> **DATA**
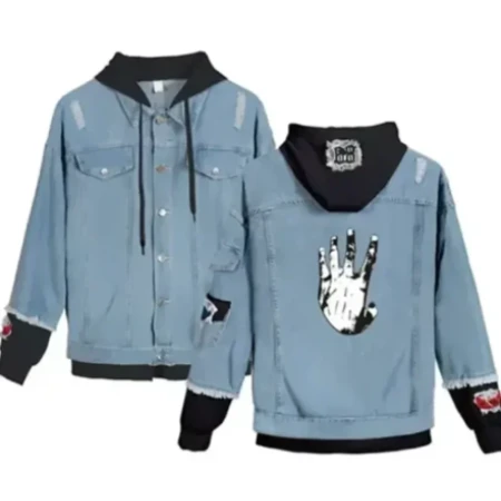 Category: unisex graphic denim jacket / hoodie-denim hybrid (style-dependent)
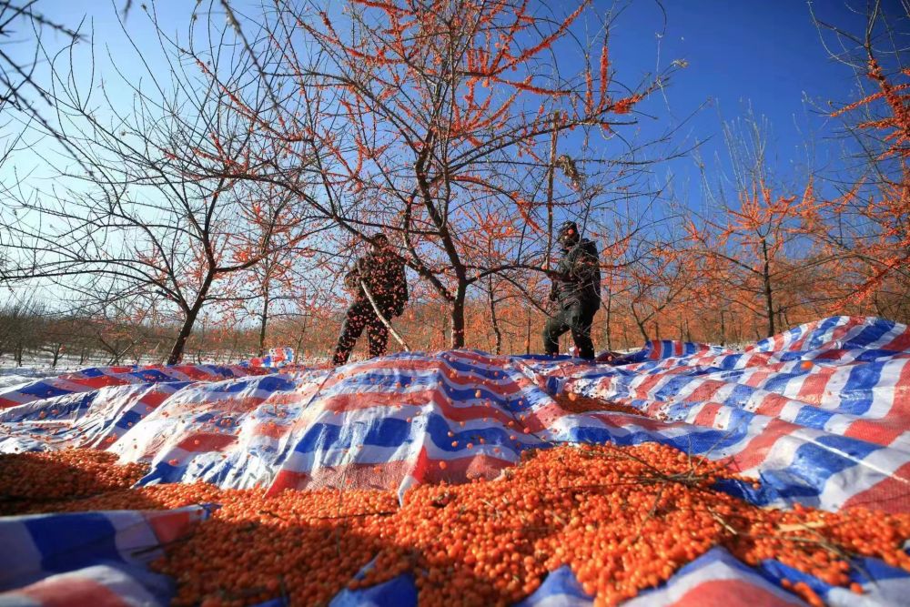 村民在采摘沙棘果实。
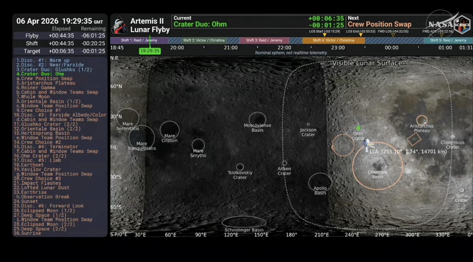 3:29 p.m. EDT: The Artemis 2 craft is presently simply northwest of Orientale Basin and east of Ohm Crater. The crew is working by way of observations of Orientale, Aristarchus Plateau, Ohm, and the mysterious swirl of Reiner Gamma.
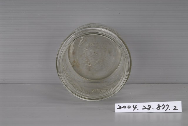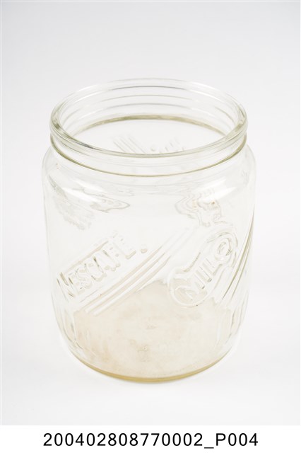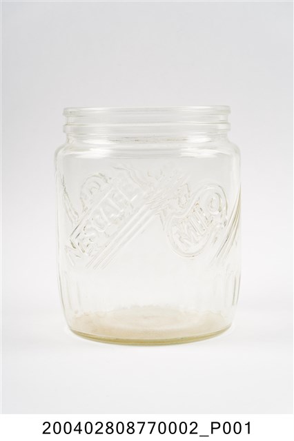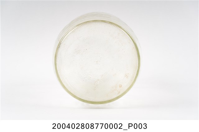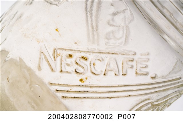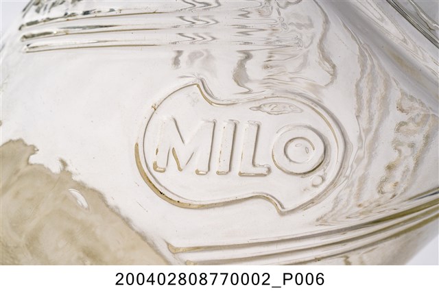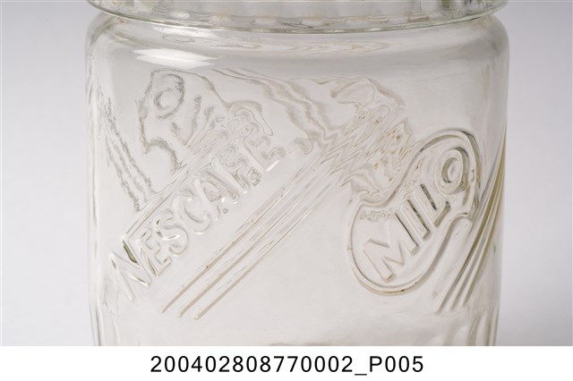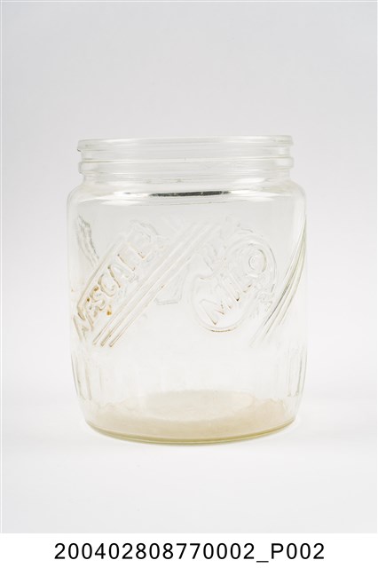 雀巢美祿透明玻璃罐罐身,由透明玻璃一體成形製成,玻璃厚實,圓形廣口,短直頸,上下各有一圈凸起橫紋,圓肩,圓柱狀瓶身,底部略內凹,裝飾細密點狀紋路,呈同心圓排列。器身壓印兩組雀巢咖啡「NESCAFÉ」和美祿巧克力麥芽飲品「MILO」商標,商標下方各有三道斜直紋。罐底留有咖啡色沈澱,罐身上商標紋路上卡有些許咖啡色汙垢。

> **TRY IT**
Word for word, return the material, omitting the pictures.

> **ANSWER**
 Category: unisex graphic denim jacket / hoodie-denim hybrid (style-dependent)
 村民在采摘沙棘果实。
 3:29 p.m. EDT: The Artemis 2 craft is presently simply northwest of Orientale Basin and east of Ohm Crater. The crew is working by way of observations of Orientale, Aristarchus Plateau, Ohm, and the mysterious swirl of Reiner Gamma.
 雀巢美祿透明玻璃罐罐身,由透明玻璃一體成形製成,玻璃厚實,圓形廣口,短直頸,上下各有一圈凸起橫紋,圓肩,圓柱狀瓶身,底部略內凹,裝飾細密點狀紋路,呈同心圓排列。器身壓印兩組雀巢咖啡「NESCAFÉ」和美祿巧克力麥芽飲品「MILO」商標,商標下方各有三道斜直紋。罐底留有咖啡色沈澱,罐身上商標紋路上卡有些許咖啡色汙垢。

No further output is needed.